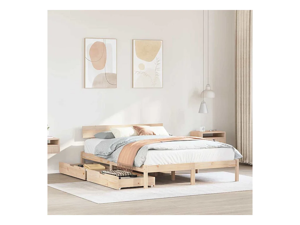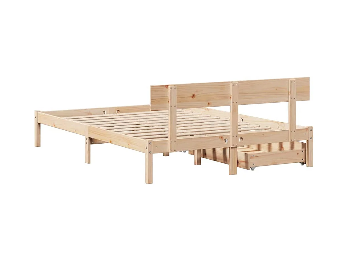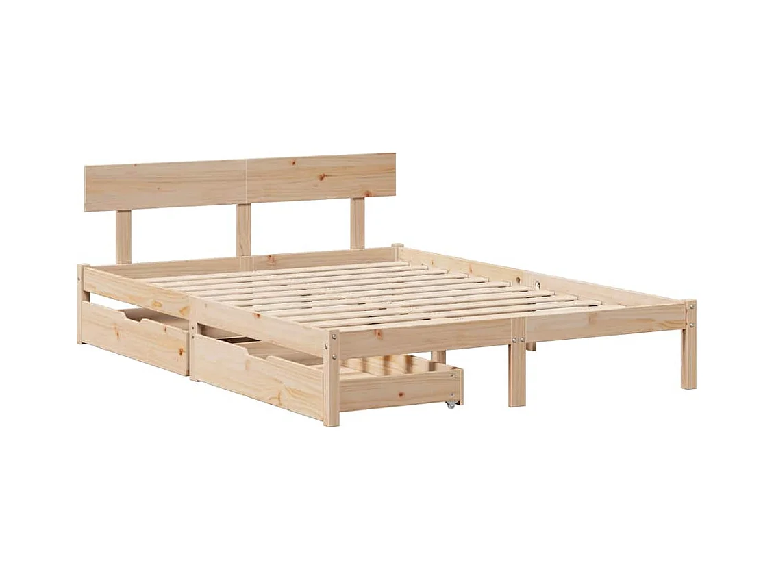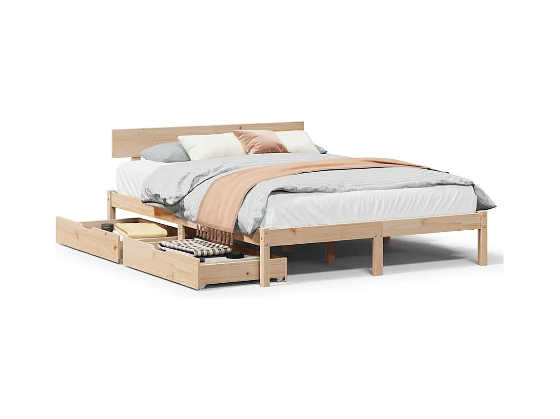 Struttura letto con cassetti 150x200 cm in legno massello di pino
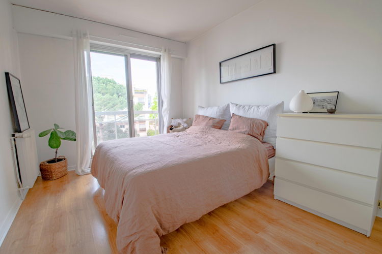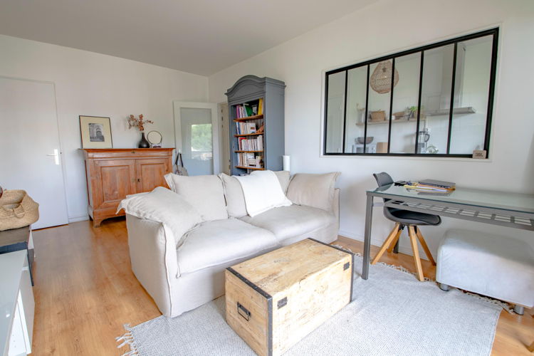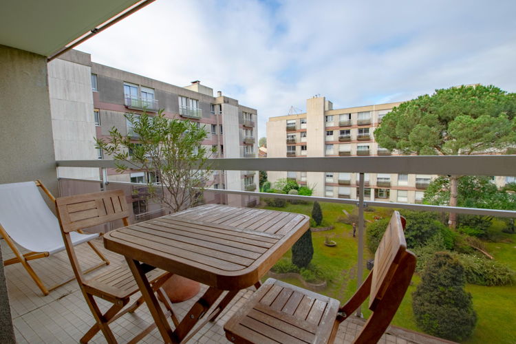 L’appartement donne sur le parc de la résidence, avec de jolis arbres.
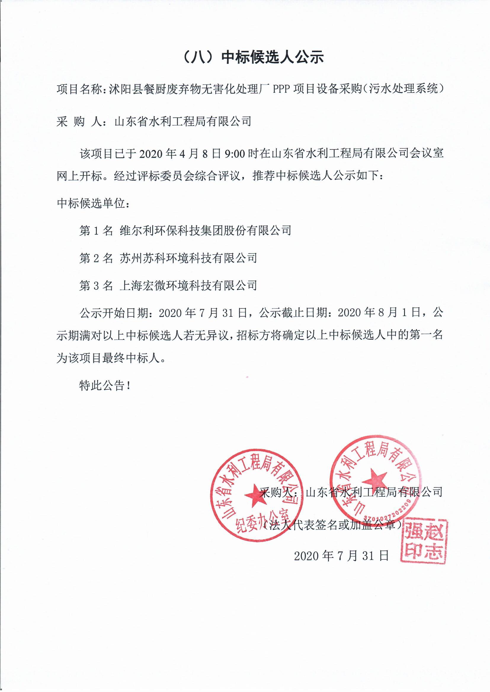 沭陽縣餐廚廢棄物無害化處理廠PPP項目設(shè)備采購(污水處理系統(tǒng))中標候選人公示
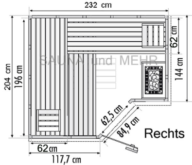 Die Massivsauna wood.LINE 6-Eck ist eine technisch sehr anspruchsvolle Lösung aus Massivholz. Innen wie außen wirkt dieses solide Massivholzmodell in Tischlerqualität klassisch aber dennoch modern. Dieses Modell verfügt zudem über eine flächenbündige Optik an den Innen- und Außenseiten; ein besonderes Schmuckstück für Ihren privaten Wellnessbereich. Vorgefertigte Wandelemente und Decke aus beidseitig gehobelten 40 mm Bohlen aus nord. Fichte im Verbundsystem vorgefertigt zum Selbstaufbau. Das Nachspannen, wie bei herkömmlichen Blockbohlenkabinen, entfällt. Stil und Design für Ihren Privaten Wellnessbereich.
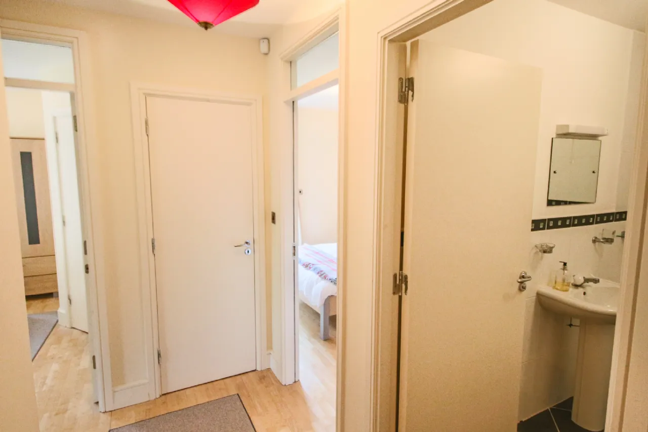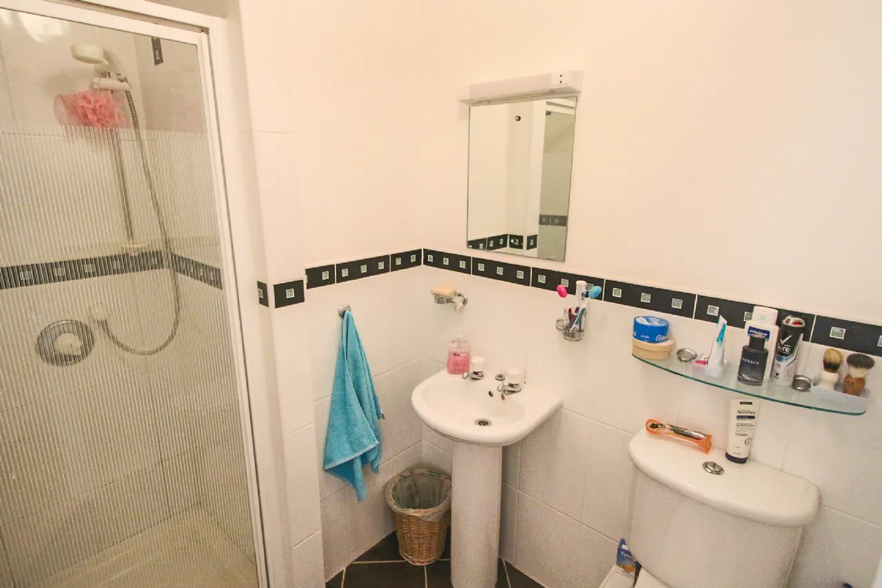 En-Suite Tiled, shower enclosure, Dimplex wall heater, extractor fan, shaver point & light, wc&whb.
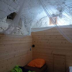 Auch wenn wir gestern Abend nicht mehr so viel zu Essen bestellt haben, es war genug. Die Bruschetta war ok, aber kein Vergleich zu jener meines Bruders! Heute morgen in der schönen Unterkunft hatten wir zwei Kaffee, dann am Augustus-Tor ein vorher gekauftes Frühstück, Focaccia. Es sollte ein langer Tag werden. Erstmal ging es über Asphalt zu einer Burg, der Weg daran vorbei war aber wegen Bauarbeiten gesperrt, so dass wir einen Umweg über einen Berg mit über einer Stunde extra in der Hitze gehen musste. Absolute Hitze, um die 36 Grad im Schatten. Und sehr viel Asphalt. Völlig durstig kamen wir um kurz nach eins an, das Bier schmeckte hervorragend erfrischend. Nachdem wir zunächst erfolglos eine Übernachtung gesucht hatten, gingen wir in ein von Google Maps empfohlenes Lokal. Da saß eine alte Frau vor dem "Restaurant" und führte uns in ein museumartiges Zimmer. Wir hatten das Gefühl, dass wir für immer ihre Gefangene werden würden. Sie wird mästen und dann aufessen, lachten wir. Zudem sollten wir schön die Hände vor dem Essen waschen. Ein Gericht nach dem anderen wurde aufgetischt. Eine Vorspeise, zwei Vorspeisen, danach überbackene Auberginen und dann Pasta mit selbstgemachter Tomatensauce und als Hauptgericht Fleisch. Dann konnten wir im bed and breakfast einchecken und Siesta machen.Read more
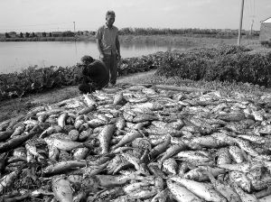 昨天下午,现代快报记者来到王开来承包的鱼塘,在几十米开外就已经闻到阵阵恶臭。岸边堆满了死鱼,有些已经开始腐烂,数不清的苍蝇叮在上面。水塘的一角,漂满了白花花的死鱼。
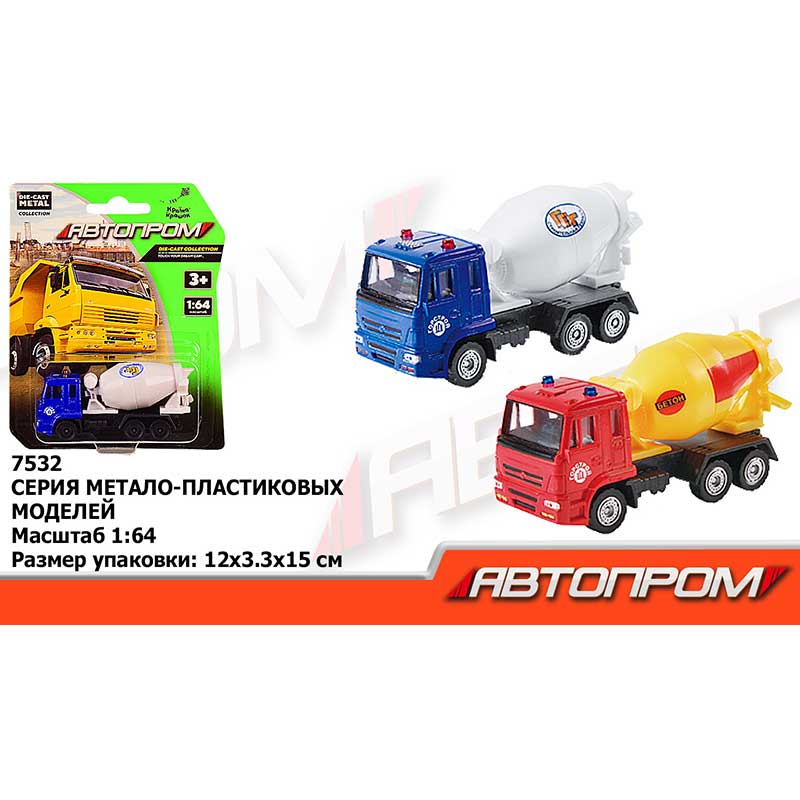 Машина метал "АВТОПРОМ" 1:64 2 кольори-мікс в ящику на планшетці 12*15см 7532
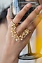Featuring a 22kt gold plated handcrafted adjustable ring studded with kundan polki and pearls, set in mixed metal. Perfect choice for festive celebrations, wedding or sangeet ceremonies.
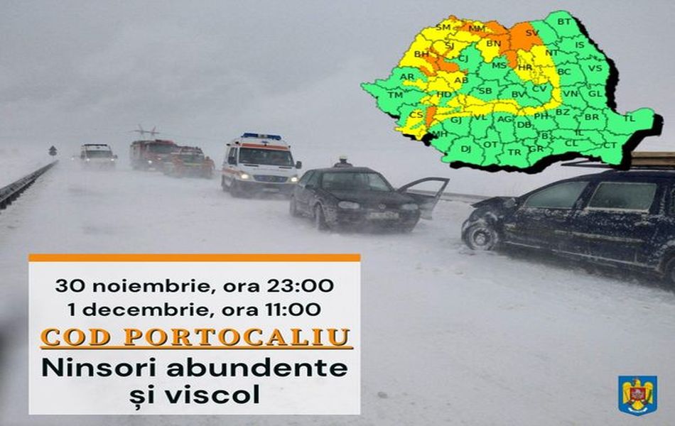 Administrația Națională de Meteorologie a emis o avertizare meteorologică COD PORTOCALIU valabilă în intervalul 30 noiembrie, ora 23 – 01 decembrie, ora 11, ce vizează ninsori abundente și viscol la altitudini de peste 1500 m în nordul Carpaților Orientali, local în Carpații Occidentali și în vestul Carpaților Meridionali.
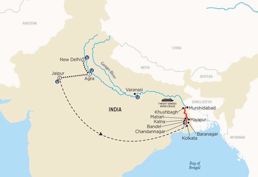 The former capital of the Raj, Kolkata offers intriguing glimpses of the “old India” of the British colonial period, including grand architecture such as the Writers’ Building, High Court, and General Post Office. Observe these and other key sights on your city tour, plus visit Kolkata’s oldest Anglican church and the Victoria Memorial Hall, a museum boasting India’s largest collection of colonial artifacts. Return to the ship for lunch and a scenic cruise that passes a number of former colonial settlements. Later, take an excursion to Bandel to visit Hooghly Imambara, a mosque that’s a triumph of Bengali architecture. Ganges Voyager II - BLD
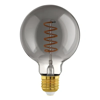 Thanks to its black and transparent steamed glass and the spiral shaped LEDs in Vintage design, the E27 LED lamp is ideal as a stand-alone light source The decorative light source is dimmable (please consider the respective dimming properties of your light); The pleasant warm light colour is ideal in rooms where you relax such as living rooms and bedrooms With its pleasant, subdued light, the decorative spiral LED light bulb sets an atmospheric light accent and thus creates a cosy atmosphere; please note that this light source is not suitable for optimally illuminating a room or for use as a reading lamp This filament LED screw bulb replaces the conventional 15 W bulb; Dimensions: length: 13.7 cm/ 5.4 in, diameter: 9.5 cm/ 3.7 in According to EU Energy Efficiency Labeling directive this decorative light bulb does not require energy labeling information
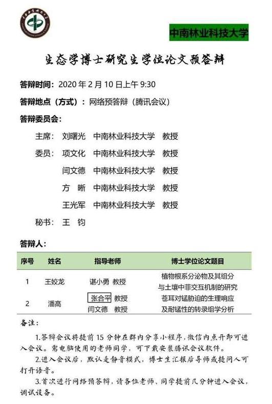 早在2月10日,中南林业科技大学就组织了2020年上半年第一场博士研究生学位论文预答辩,90余人在线参与。这是该校首次采用网络视频远程会议方式组织的学位论文预答辩。预答辩严格按照博士毕业论文正式答辩标准,利用腾讯会议远程视频技术平台进行。为确保研究生毕业论文质量,中南林业科技大学要求所有研究生学位论文必须进行预答辩,未通过者不得送审。针对突如其来的疫情,该校研究生院及时调整安排,将开学前应进行的预答辩和学位申请有关事宜全部改用网络形式实施,确保研究生能按时参加答辩并如期毕业。(田炆佳编辑)
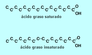 • Los ácidos grasos insaturados tienen uno o varios enlaces dobles en su cadena y sus moléculas presentan codos, con cambios de dirección en los lugares dónde aparece un doble enlace. Son ejemplos el oléico (18C, un doble enlace) y el linoleíco (18C y dos dobles enlaces).
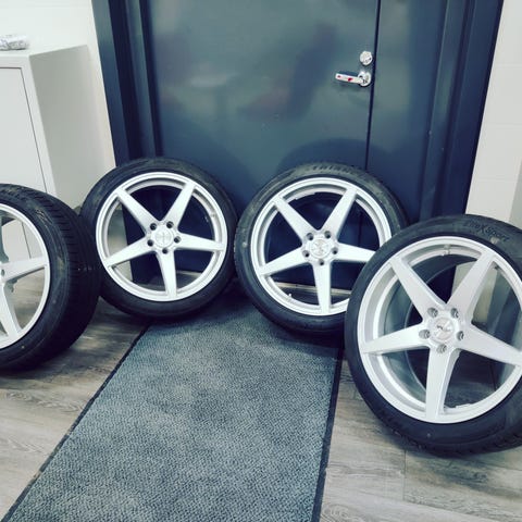 Auton mukana tuli komiat vanteet, jotka joutaa toisen auton alle.
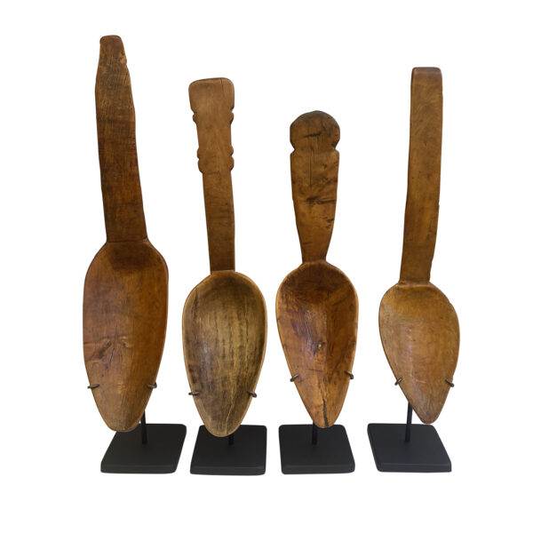 A collection of very beautiful, sculptural spoons from the Saharan regions of Morocco. We custom made the stands.

◇ ◇ ◇

## EXERCISE OBJECTIVE
Only the lines from the top of the material above down to the line bearing "沭陽縣餐廚廢棄物無害化處理廠", that line included, should be set down exactly; no pictures.

## WRITTEN ANSWER
 Struttura letto con cassetti 150x200 cm in legno massello di pino
 L’appartement donne sur le parc de la résidence, avec de jolis arbres.
 沭陽縣餐廚廢棄物無害化處理廠PPP項目設(shè)備采購(污水處理系統(tǒng))中標候選人公示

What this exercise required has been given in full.